Task item
Your answer is the line containing "Calender Month |" plus every line after it through the end of the records, printed exactly and free of pictures.

--

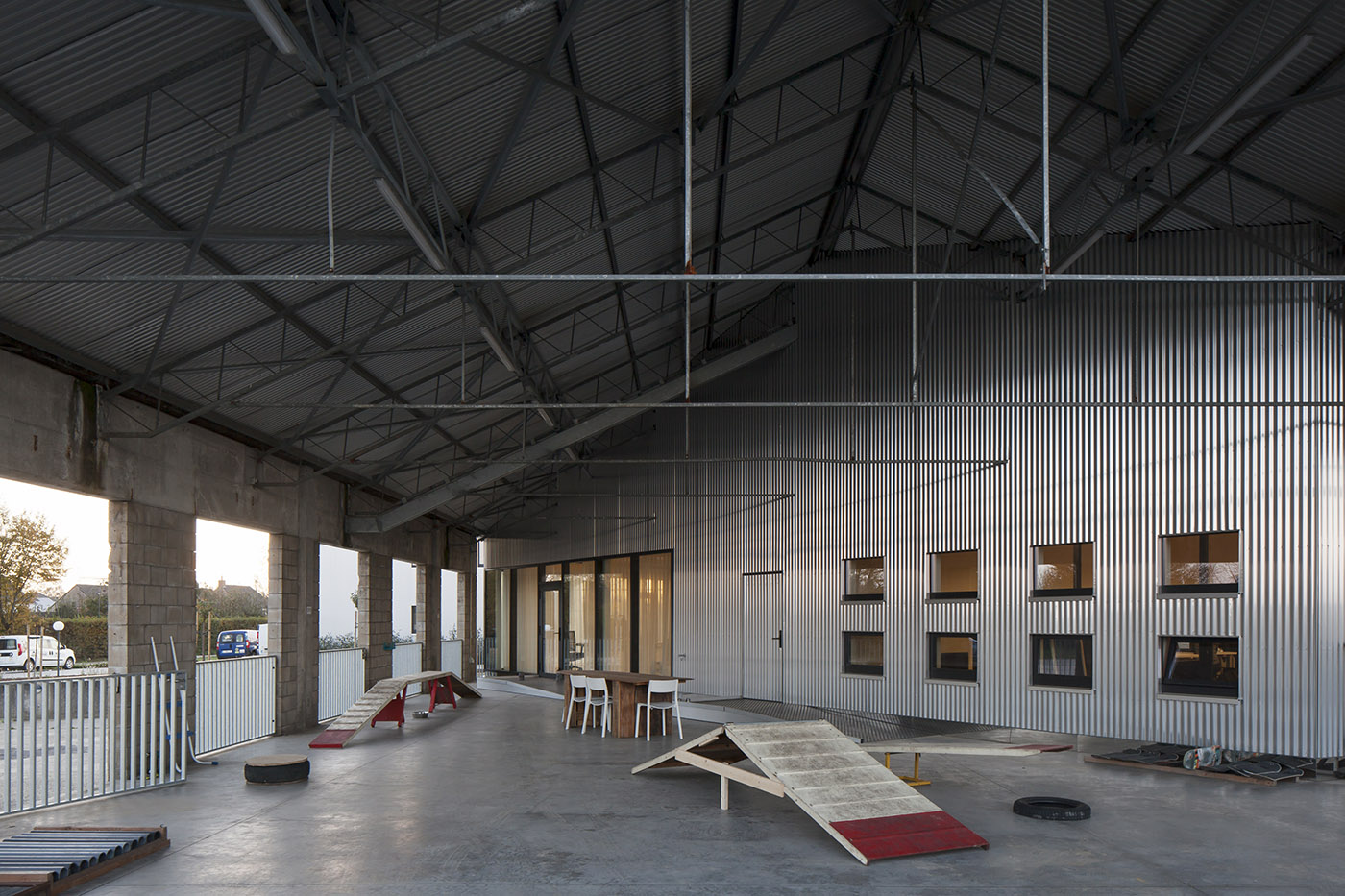 The client commissioned WE-S architecten to build a dog therapy center in a warehouse in Merelbeke, a Belgian municipality of about 24,000 inhabitants in the Flemish province of East Flanders
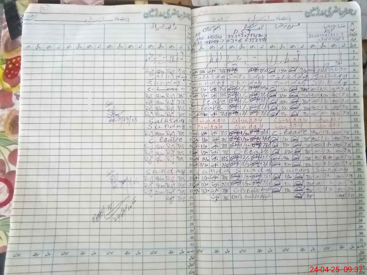 | CNIC | Full Name | Designation | R/C | Absence During Last Calender Month |
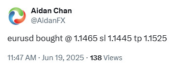 On June 19 2025 I posted on social media @AidanFX the EURUSD BUY setup with entry, stop loss and target.
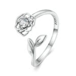 Bague Rose en argent 925 plaqué or blanc ajustable avec zircon blanc
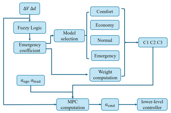 This architecture separates high-level decision-making from low-level actuation, and the figure illustrates key signal flows between modules such as vehicle state estimation, fuzzy inference, and MPC optimization. The overall control structure is adapted from the two-layer predictive cruise control framework proposed in [
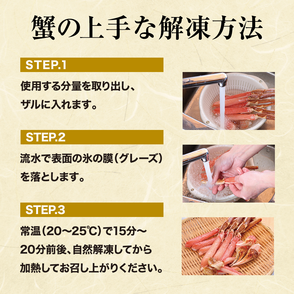 【1パックあたり】脚肉:6~8本、爪・爪下ハーフカット:3~6個、肩肉ハーフカット:4~8個

--

Expected output
 | CNIC | Full Name | Designation | R/C | Absence During Last Calender Month |
 On June 19 2025 I posted on social media @AidanFX the EURUSD BUY setup with entry, stop loss and target.
 Bague Rose en argent 925 plaqué or blanc ajustable avec zircon blanc
 This architecture separates high-level decision-making from low-level actuation, and the figure illustrates key signal flows between modules such as vehicle state estimation, fuzzy inference, and MPC optimization. The overall control structure is adapted from the two-layer predictive cruise control framework proposed in [
 【1パックあたり】脚肉:6~8本、爪・爪下ハーフカット:3~6個、肩肉ハーフカット:4~8個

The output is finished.